小原山王山城跡〈おはらさんのうさんじょうあと〉(美作市古町)

 城全体にあらゆる防御施設を配備。

淡相城跡〈あわいじょうあと〉(美作市粟井中)

 大規模かつ複雑な防御施設。

鞍懸城跡〈くらかけじょうあと〉(美作市田殿・楢原中)

 壮大な切岸で守られた南北朝期の城。

井内城跡〈いのうちじょうあと〉(美作市下山)

 曲輪を守る堅固な防御線。

大別当城跡〈だいべっとうじょうあと〉(奈義町高円・関本)

 日本原高原や津山盆地を一望。

江原城跡〈えはらじょうあと〉(美咲町里)

 主郭を守る急傾斜で高い切岸。

伊勢畑城跡〈いせはたじょうあと〉(岡山市北区下神目、久米南町上神目)

 土塁を多用した複雑な縄張り。

 このほかにも魅力的な城館跡がたくさんありましたが、以上はほんの一部。

 おかげさまで多くの方々の御協力により、無事に今年度の事業を終えることができました。

 さて、平成28年度は美作に加えて備中の城館跡も本格的に攻める予定です。さらなる調査成果に御期待ください。
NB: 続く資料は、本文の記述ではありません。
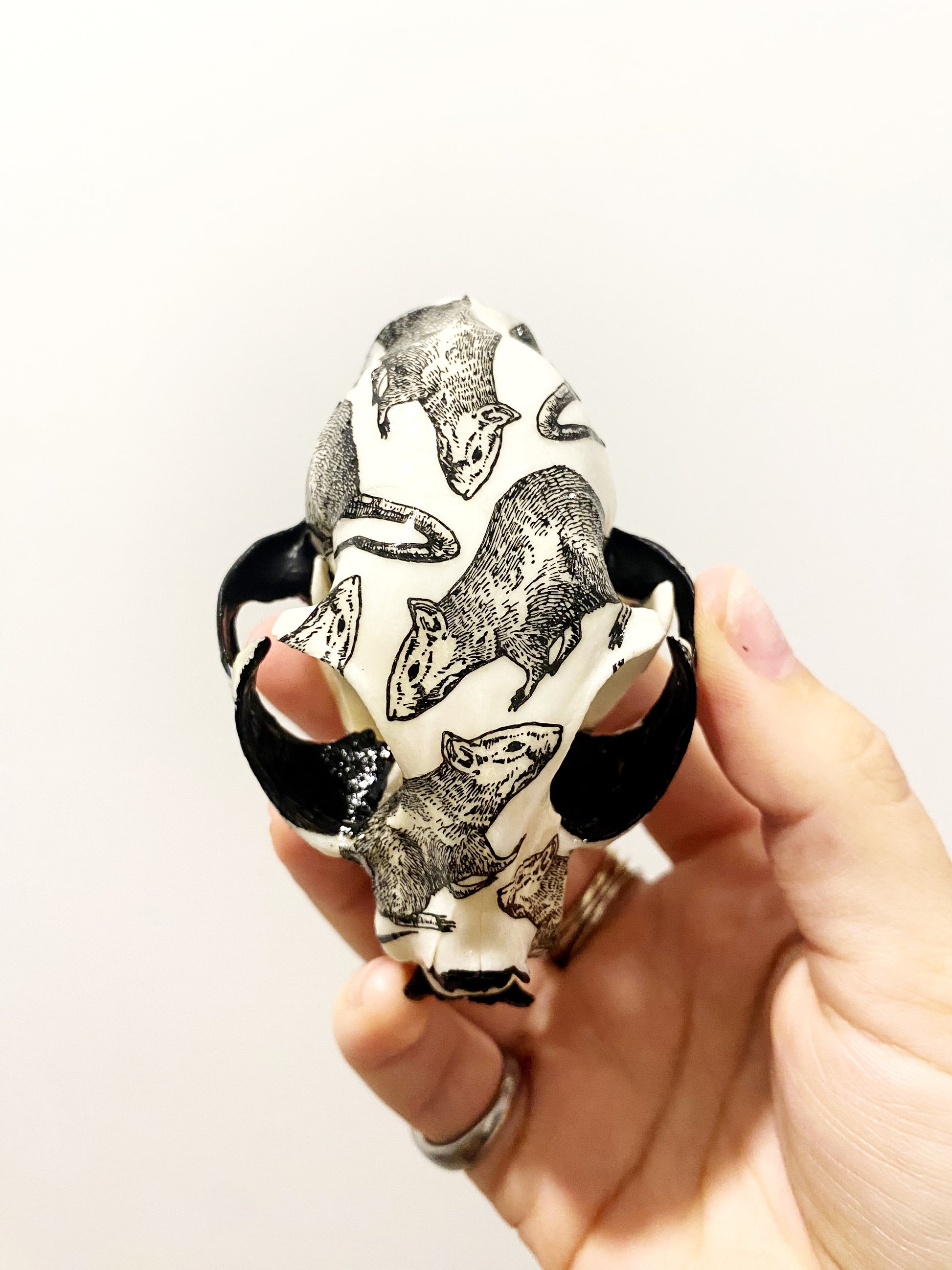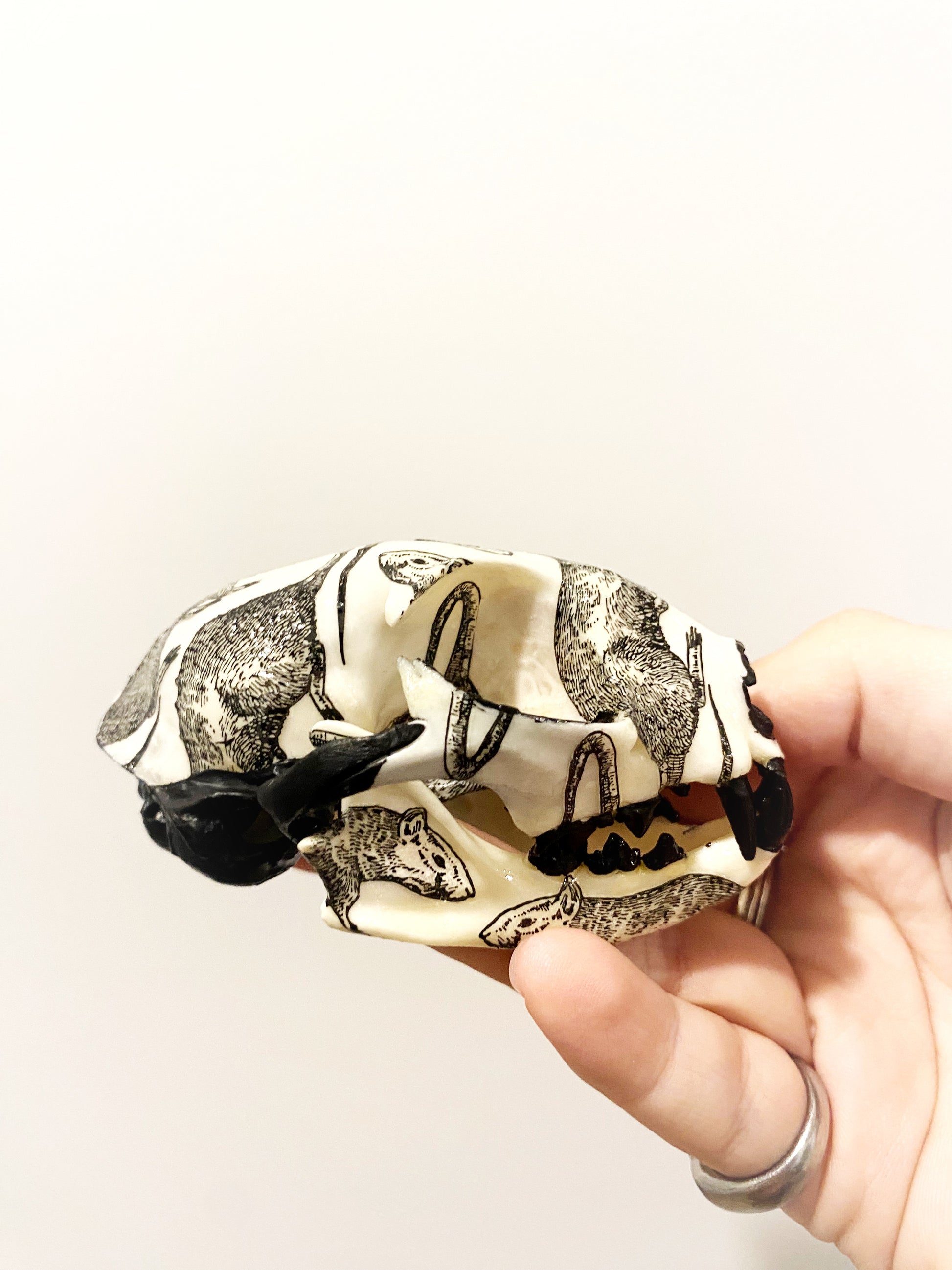 Sustainably sourced cat skull embellished with black rats and black accents.

(S・Y・A)

春先に訪れた小原山王山城跡(美作市)
春先に訪れた小原山王山城跡(美作市)

大別当城跡(奈義町)からの眺望
大別当城跡(奈義町)からの眺望

第23号

呼び名に「尼」がつく城

 平成27年度に予定していた美作地域の現地調査もあと少しで終了となりますが、最近、この地域の山城について調査員の間で"あること"が話題になっています。実は美作国には「尼〈あま〉ヶ城」や「比丘尼〈びくに〉城」のように、呼び名に「尼」がつく城が13か所もあるのです(「比丘尼」の誤称「比丘」を含む)。しかも、美作市には9城、鏡野町に2城、奈義町と西粟倉村に各1城ありますが、津山市、真庭市、新庄村、勝央町、久米南町、美咲町では確認できていません。岡山県内に広げても、岡山市と井原市の2城しか見当たらず、総じて美作国でも東部にこうした城の名前が集中しています(表1・図1)。「尼」や「比丘尼」は仏門に入った女性を指しますが、なぜこの地域にこうした呼び名の城が多く見られるのでしょうか。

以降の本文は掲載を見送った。